January 17, 2012 • 4:49PM

by Dave Christie

For many people, 1984 brings images of George Orwell’s famous book: communication through shortened words with no vowels, perpetual war waged through the air, and thought control to dumb down the population. For John F. Kennedy, 1984 had a far different conception, created by a far different intention. 1984 was the year set by John F. Kennedy to have a representative of humanity step foot on the planet Mars. One can only imagine the world, were that mission to have occurred. Doubtless, our thoughts would be freer, war would be a thing of the past, and vowels would be in greater use.

For the moment, do not think of John F. Kennedy’s Mars mission as simply some sort of event, as simply a rocket being launched, and soon thereafter, the awesome feeling of the sight of a fellow human being bounding around on the red planet. Think instead of the form of organization of human society that that event would have required. Could the world have been on the verge of a thermonuclear showdown? Could there have been a police state? Could one out of seven people on this planet have been hungry? Of course not. The vision of John F. Kennedy was a vision shared by Franklin Roosevelt. Had Roosevelt lived for only a few more years, his vision of a world freed from the evil fascism of the British Colonial system, would have been achieved. The former colonial nations of the world would have enjoyed living standards on par with European nations and the United States.

That level of standard of living could only be possibly achieved through the types of technological improvements of science driver programs such as a Mars Mission. Kennedy understood the corresponding relationship of technological advancement to raising the standard of living, and so the Mars Mission of 1984 was vectored to achieving those rates of advancement, for that anticipated level of population of 4.7 billion people. Think now to today. We have recently crossed the 7 billion mark in terms of population. If a Mars Mission was part of the equation for securing decent living standards for humanity in 1984, what would we have to do now to prepare for the future? From that standpoint, a Mars Mission becomes an absolute necessity, and even “practical”.

But there is another side of a Mars Mission which is not so practical. There are those who agree with the tenets of a space program from the practical standpoint of seeing the necessity of spin off technologies and related scientific advancements, so called “applied research”. But the actual real intention of a space program should be for what human progress is always based on, “pure research”, that is, research for the sake of advancing human creativity per se.
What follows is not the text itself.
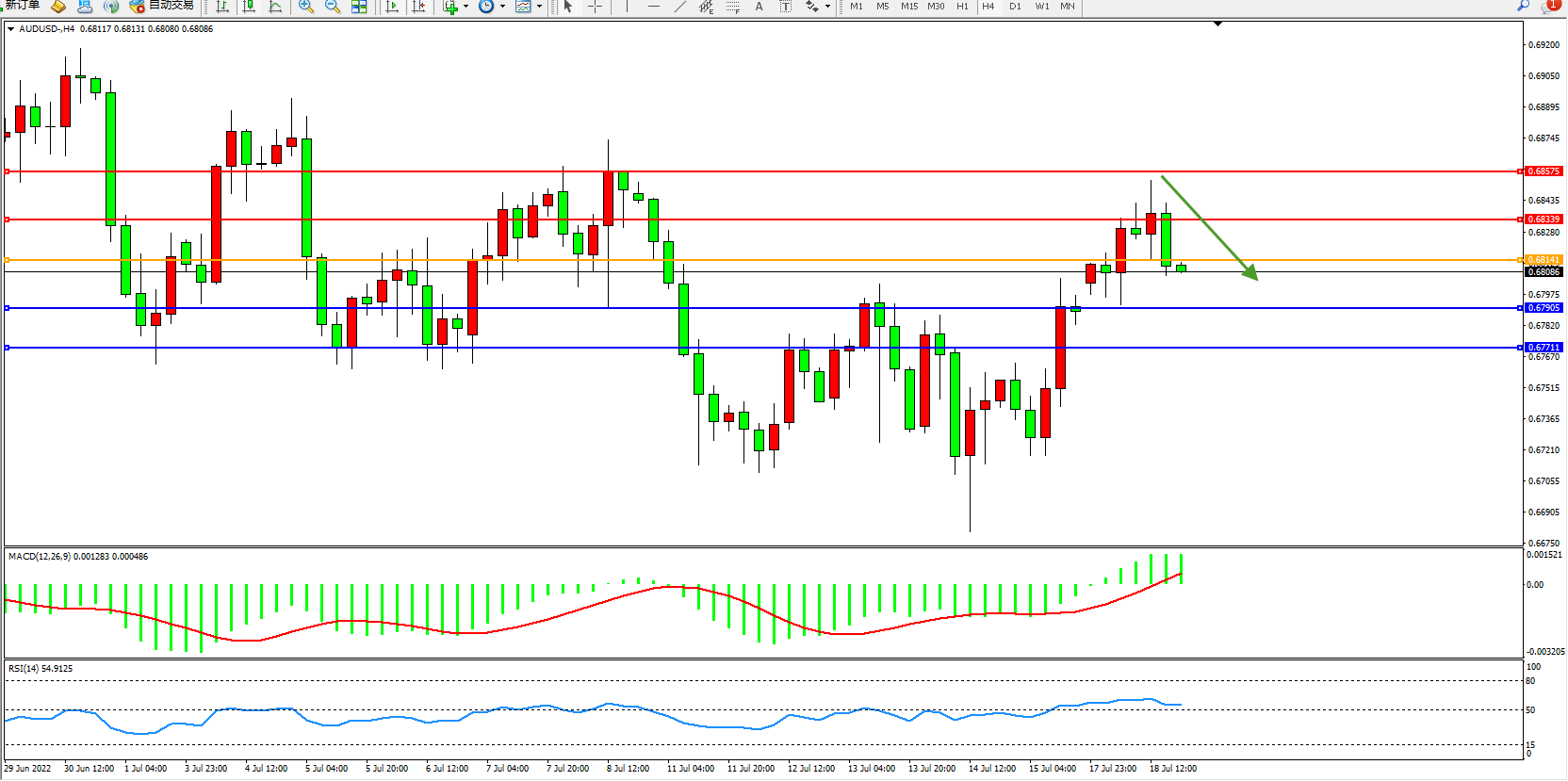 备选策略:0.68141上方看涨,目标0.68339、0.68575

Humanity is in dire need of a new renaissance. When Nicholas of Cusa had launched the European Renaissance, he recognized that the corruption of the European oligarchy would not allow for a form of statecraft based on creativity. For this reason, the great thinkers of the Renaissance began to look west towards the Americas to establish a Republic, a form of statecraft based on the development of the human mind to increase the general welfare for not only those living, but those yet to come. And so, following those great streams in the Ocean, such as the Gulf Stream that Benjamin Franklin studied, the likes of Christopher Columbus set sail to freedom, away from the oligarchical principle. We must now find similar streams to sail away from the oligarchical principle; except for now we must create our stream, a thermonuclear fusion stream, from the Moon to Mars. Those who adhere to the oligarchical principle, like Obama, who says he does not care for this “fancy fusion”, can stay back and mop the floors of the sanatorium, where we will leave him in peace. As for those who want a new world freed from the grip of the oligarchical principle, we will reorganize the global economy under higher orders of energy flux density, beginning with fusion, moving on to matter/ anti-matter reactions, and then beyond that. That endless progress is the nature of Alexander Hamilton’s credit system.